Task objective: What is needed is an exact repetition of the lines from the first one in the data through the line with "Les murs et", with no pictures.

Raw data:
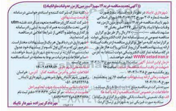 شهرداری تایباد در نظر دارد به استناد بند 5 صورتجلسه شماره 306 مورخ 1404.07.23 شورای اسلامی شهر تایباد مناقصه خرید 14 سهم (آب و زمین) از مزرعه و قنات ماوا تایباد پلاک ثبتی 247 اصلی بخش 14 مشهد تا سقف 170.000.000.000 ریال را از طریق برگزاری مناقصه عمومی در بستر سامانه تدارکات الکترونیکی دولت برگزار نماید کلیه مراحل برگزاری مناقصه از دریافت استاد تا ارائه پیشنهاد مناقصه گران و بازگشایی پاکتها از طریق درگاه سامانه تدارکات الکترونیکی دولت (ستاد) به آدرس ستاد ایران خواهد شد.
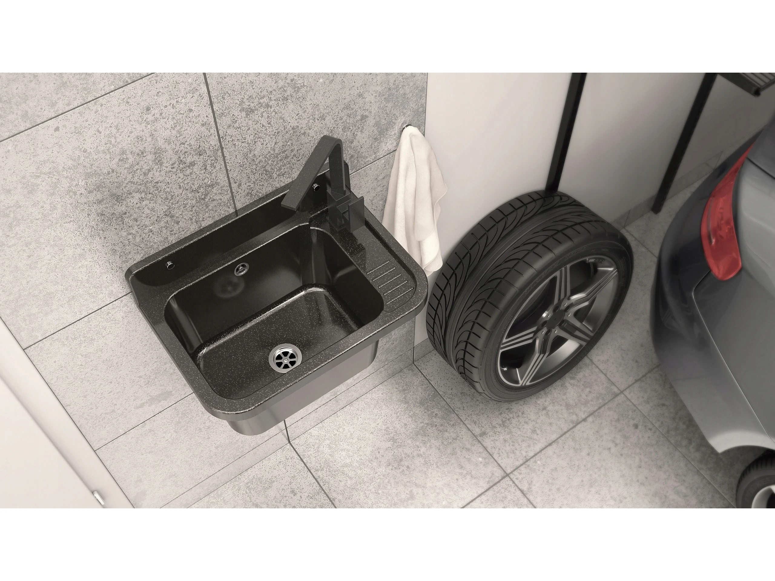 évier de ferme noir buanderie garage chaufferie robinet droit Paron
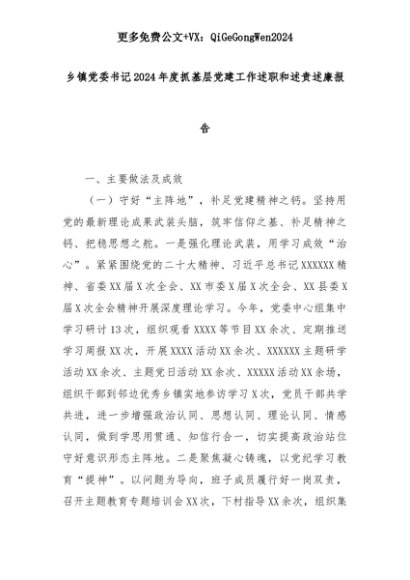 【七哥公文】2025年:乡镇党委书记2024年度抓基层党建工作述职和述责述廉报告+更多免费公文+VX:QiGeGongWen2024+更多免费公文+VX:QiGeGongWen2024
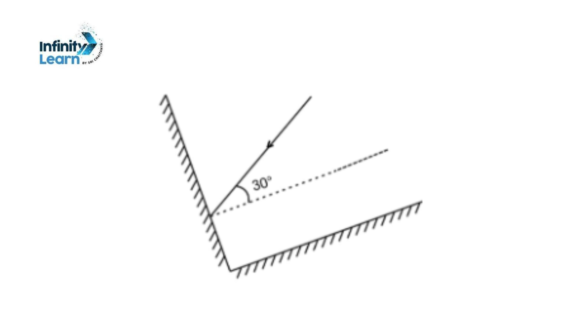 2. Second Mirror (Horizontal): Using geometry, the ray from the first mirror hits the second mirror at an angle of 60° (90° - 30° = 60°). This is the new angle of incidence (i2).
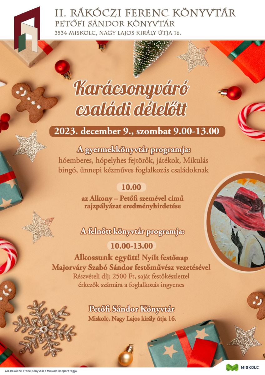 A karácsony közeledtével színes programmal várja olvasóit a 2023. december 9-én, szombaton délelőtt 10 órától Petőfi Sándor Könyvtár (Miskolc, Nagy Lajos király útja 16.). A rendezvényen minden érdeklődő megtalálja a számára oly kedves programelemet.
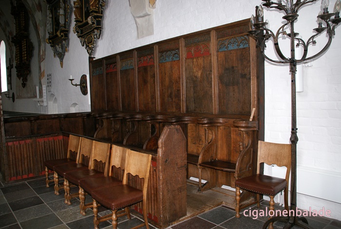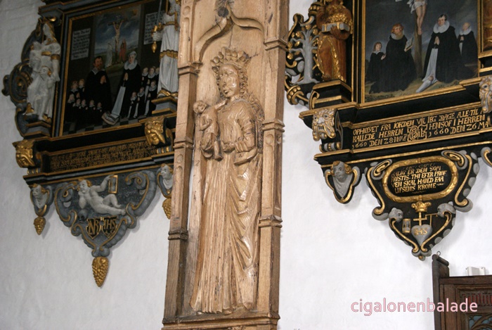 Les murs et le plafond sont recouverts de nombreuses fresques représentant des passages de l'Ancien et du Nouveau testament. Peu de temps après l’achèvement des transformations de l’église, en 1536, le Danemark adopte la Réforme et les monastères sont fermés. Outre l’église qui est conservée, les bâtiments du monastère de Sæby sont détruits. Les fresques, alors recouvertes, n’ont été remises au jour et restaurées qu’au début du XXème siècle (1905-1906).
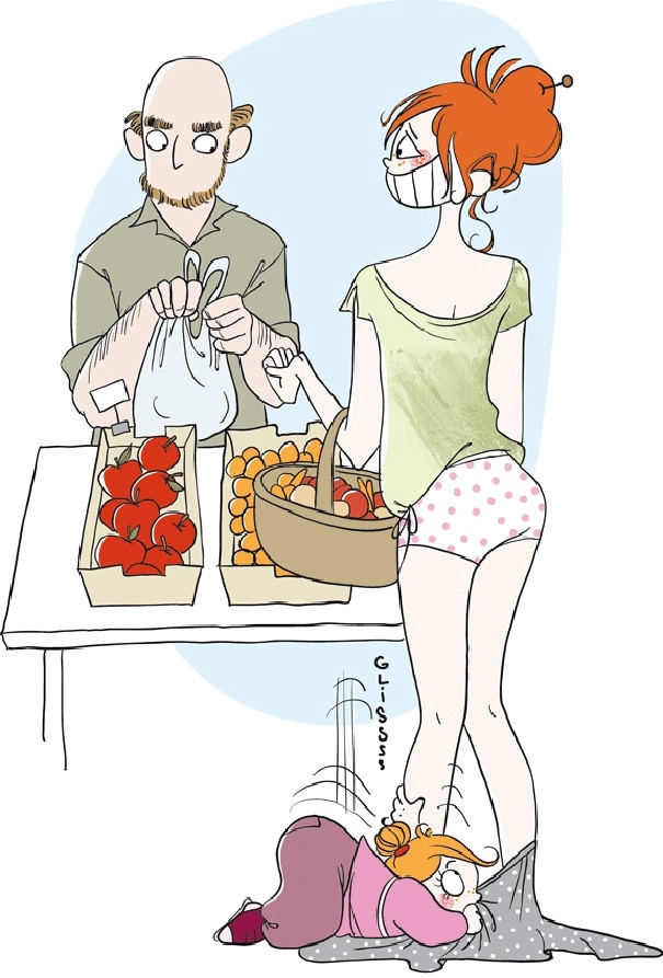 Какая работа может считаться самой трудной в мире? Шахтёр, пожарный, президент? Французская художница Натали Жомар (Nathalie Jomard) уверена, что самая сложная и ответственная работа на свете — это быть родителем. Иллюстрации Натали честно и с юмором показывают, какие перемены приносят в жизнь взрослых дети. Ребёнок меняет не только внешность мамы, но и весь жизненный уклад, ещё будучи у неё в животе. А когда маленький сорванец родится, очень актуальными для родителей станут поиски ответов на вопросы «Как заставить ребёнка есть?», «Почему он орёт?», «Как выспаться?» и «Телефон упал в унитаз, что делать?».
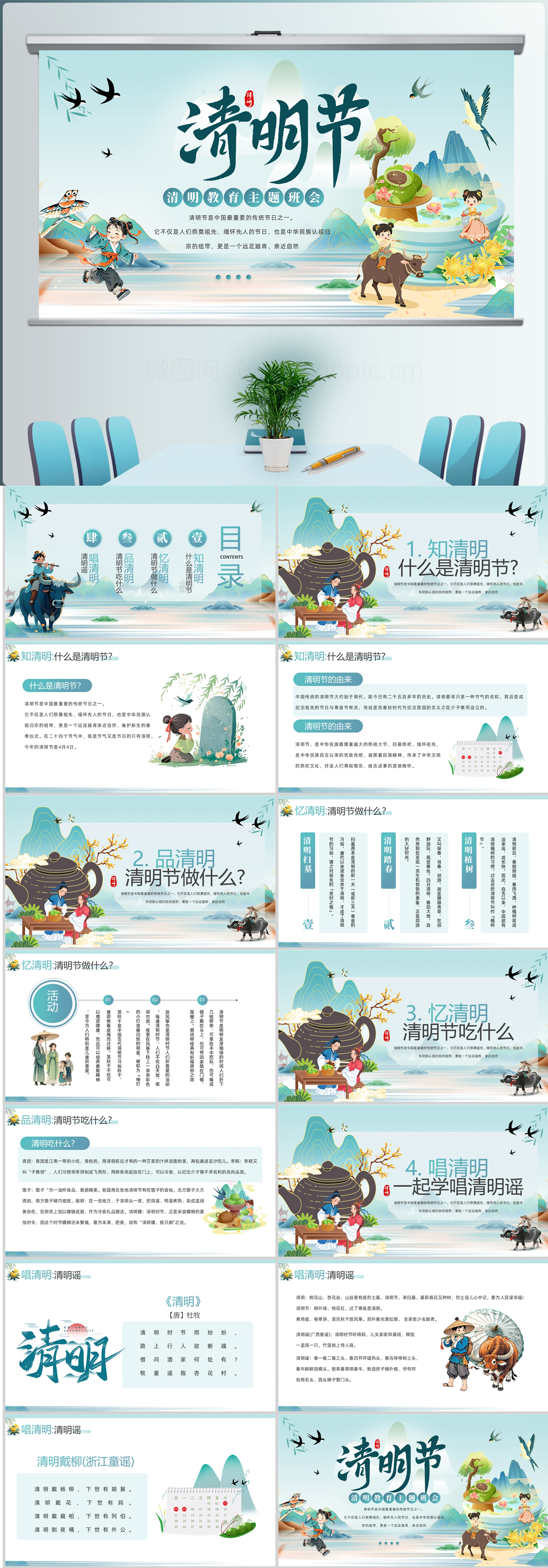 清新中国风中国传统节气清明节介绍主题班会PPT模板
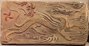 One such early form was the pig dragon. It is a coiled, elongated creature with a head resembling a boar.[25] The character for "dragon" in the earliest Chinese writing has a similar coiled form, as do later jade dragon amulets from the Shang dynasty. A snake-like dragon body painted on red pottery wares was discovered at Taosi (Shanxi) from the second phase of the Longshan Culture, and a dragon-like object coated with approximately 2000 pieces of turquoise and jade was discovered at Erlitou.[2]
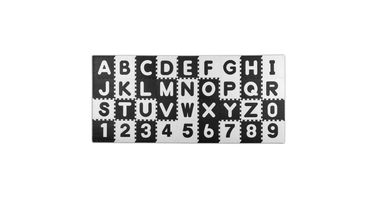 Буквите и цифрите на килимчето помагат на малките да разпознават букви и цифри, като игриво развиват уменията си за учене. Родителите са щастливи да открият, че децата се забавляват с килимчето, дори и без играчки. Контрастната черно-бяла цветова схема е особено добра за малки бебета.

Solution for this problem:
 شهرداری تایباد در نظر دارد به استناد بند 5 صورتجلسه شماره 306 مورخ 1404.07.23 شورای اسلامی شهر تایباد مناقصه خرید 14 سهم (آب و زمین) از مزرعه و قنات ماوا تایباد پلاک ثبتی 247 اصلی بخش 14 مشهد تا سقف 170.000.000.000 ریال را از طریق برگزاری مناقصه عمومی در بستر سامانه تدارکات الکترونیکی دولت برگزار نماید کلیه مراحل برگزاری مناقصه از دریافت استاد تا ارائه پیشنهاد مناقصه گران و بازگشایی پاکتها از طریق درگاه سامانه تدارکات الکترونیکی دولت (ستاد) به آدرس ستاد ایران خواهد شد.
 évier de ferme noir buanderie garage chaufferie robinet droit Paron
 【七哥公文】2025年:乡镇党委书记2024年度抓基层党建工作述职和述责述廉报告+更多免费公文+VX:QiGeGongWen2024+更多免费公文+VX:QiGeGongWen2024
 2. Second Mirror (Horizontal): Using geometry, the ray from the first mirror hits the second mirror at an angle of 60° (90° - 30° = 60°). This is the new angle of incidence (i2).
 A karácsony közeledtével színes programmal várja olvasóit a 2023. december 9-én, szombaton délelőtt 10 órától Petőfi Sándor Könyvtár (Miskolc, Nagy Lajos király útja 16.). A rendezvényen minden érdeklődő megtalálja a számára oly kedves programelemet.
 Les murs et le plafond sont recouverts de nombreuses fresques représentant des passages de l'Ancien et du Nouveau testament. Peu de temps après l’achèvement des transformations de l’église, en 1536, le Danemark adopte la Réforme et les monastères sont fermés. Outre l’église qui est conservée, les bâtiments du monastère de Sæby sont détruits. Les fresques, alors recouvertes, n’ont été remises au jour et restaurées qu’au début du XXème siècle (1905-1906).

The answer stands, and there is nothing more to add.